温梧宁很少与小孩子交往,所以对她就和对一般的师兄妹一样,只是不自觉地会多一点耐心。
不过这个孩子年纪小却不哭不闹,坚韧的模样让温梧宁不禁看了眼身侧虎着张脸的师妹。
其实有点像。
小女童抬起手明显要指向温梧宁,半路忽然被蓝飞儿抓住,只见蓝飞儿嘴边衔起一丝不冷不热的笑:“让她坐我的马。”
说着也不管小女童愿不愿意,双手夹着她的腋下举起来,两三步走到马旁把人放在马背上。
此处距城大概只有一个多时辰的脚程,蓝飞儿没有上马牵着马儿走,温梧宁见此便与她并肩牵着马。

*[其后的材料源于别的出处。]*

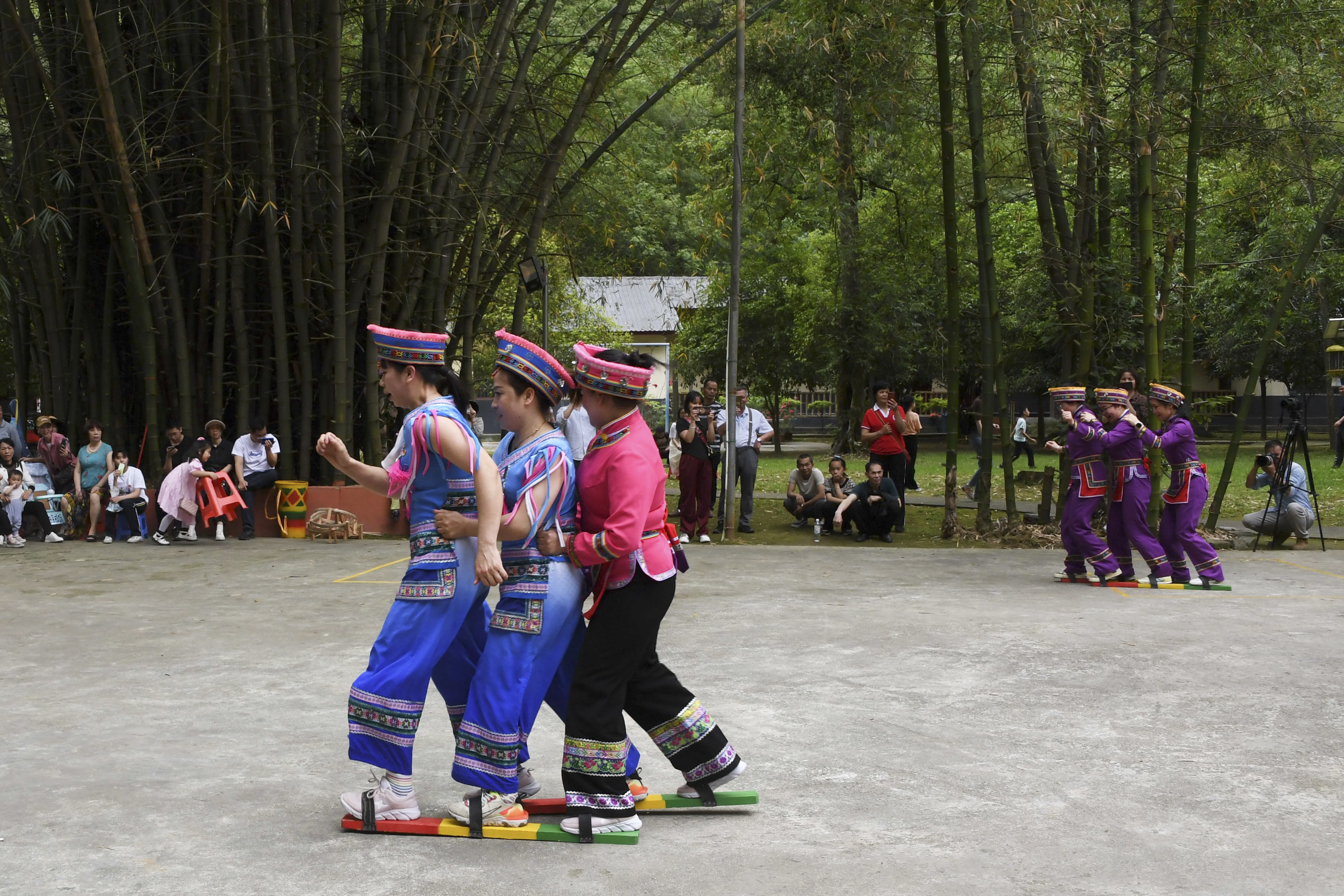 4月21日,在罗城县米椎林景区,人们参加板鞋竞技比赛。新华社发(韦如代 摄)
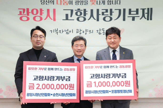 [¹Ìµð¾îÀü³² ÀÓ¼º¿Ï ±âÀÚ]±¤¾ç½Ã´Â 15ÀÏ ½Ãû ¸¸³²½Ç¿¡¼ ±¤¾ç½Ãû³â¿¬ÇÕȸ(ȸÀå ¾ÈŸ±¹) ȸ¿ø Àϵ¿ÀÇ °íÇâ»ç¶û±âºÎ±Ý Àü´Þ½ÄÀÌ ¿·È´Ù°í ¹àÇû´Ù. ±¤¾ç½Ãû³â¿¬ÇÕȸ´Â ÀڸŰῬ û³â´Üüµé°ú °íÇâ»ç¶û »óÈ£±âºÎÀÇ ÃëÁö¸¦ °øÀ¯ÇÏ¸ç »óÈ£±â¡¦

“师姐,你还没说我方才那首诗如何呢。”蓝飞儿忽然问道。
这话题转的急,温梧宁往马上的女童瞟了眼,想了想淡淡道:“不伦不类。”
马上的女童暗自垂泪,慌张可怜的小模样真是让人看着就心疼,但这人明显不包括温梧宁。
温梧宁见她身体无恙,坐在马背上也没有任何不适应,便不再挂心。
离亥真是媚眼抛给瞎子看。
在某些方面上,蓝飞儿真的很懂温梧宁,她知道温梧宁心善却并不圣母有时甚至显得很强硬冷漠,她还知道温梧宁显得冷硬的部分原因是由于她直女思维没有情趣神经大条。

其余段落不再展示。